Problem description -
Once you find the line with "4月22日,在中国—东盟(南宁)非物质文化遗产周开幕现场,演员在表演舞龙。", transcribe it and all the lines that follow to the end of the data, exactly as written; skip any pictures.

Stored data -
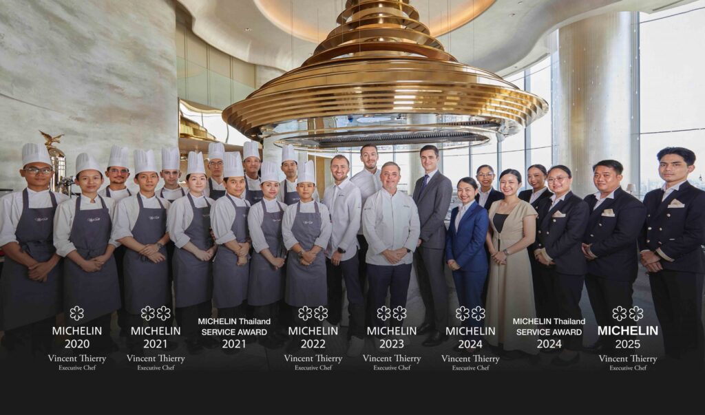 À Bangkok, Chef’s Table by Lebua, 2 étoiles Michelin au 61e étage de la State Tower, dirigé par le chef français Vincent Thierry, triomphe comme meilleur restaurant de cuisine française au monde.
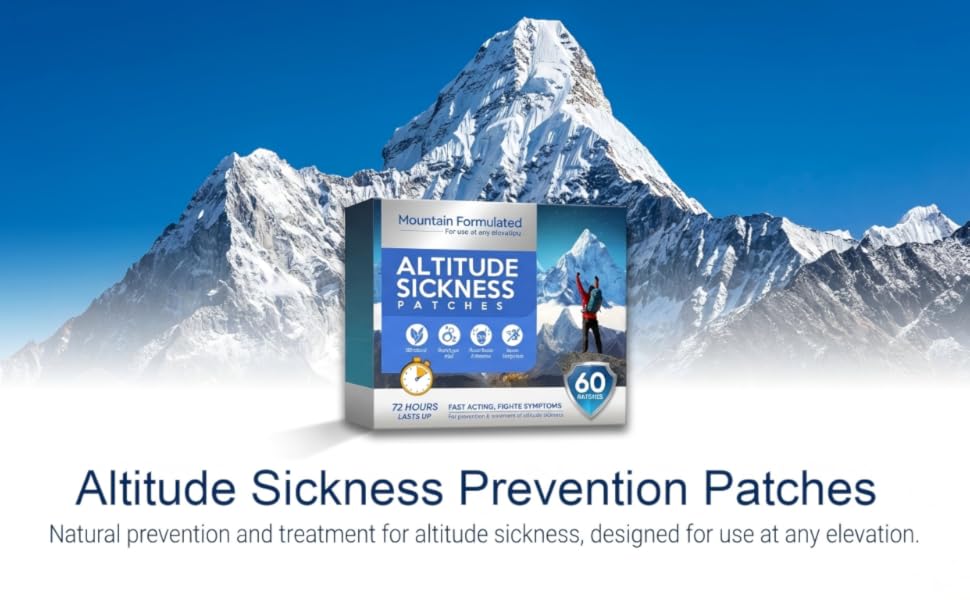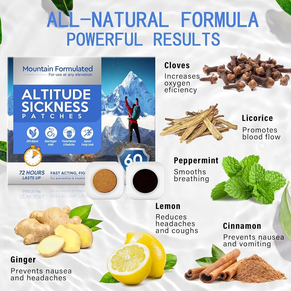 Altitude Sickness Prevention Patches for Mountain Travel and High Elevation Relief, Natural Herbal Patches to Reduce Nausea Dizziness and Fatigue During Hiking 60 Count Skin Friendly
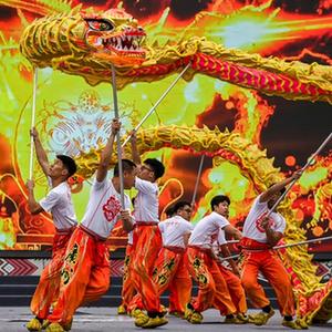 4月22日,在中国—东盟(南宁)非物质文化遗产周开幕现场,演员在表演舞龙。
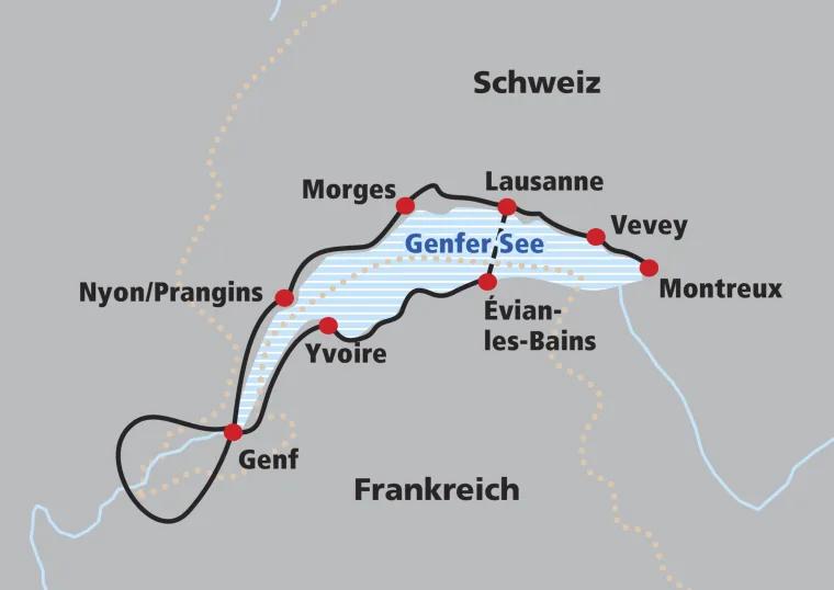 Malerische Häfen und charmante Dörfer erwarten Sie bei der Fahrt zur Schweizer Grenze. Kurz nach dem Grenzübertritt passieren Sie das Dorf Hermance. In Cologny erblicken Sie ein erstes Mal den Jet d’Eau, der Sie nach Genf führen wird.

Written solution -
 4月22日,在中国—东盟(南宁)非物质文化遗产周开幕现场,演员在表演舞龙。
 Malerische Häfen und charmante Dörfer erwarten Sie bei der Fahrt zur Schweizer Grenze. Kurz nach dem Grenzübertritt passieren Sie das Dorf Hermance. In Cologny erblicken Sie ein erstes Mal den Jet d’Eau, der Sie nach Genf führen wird.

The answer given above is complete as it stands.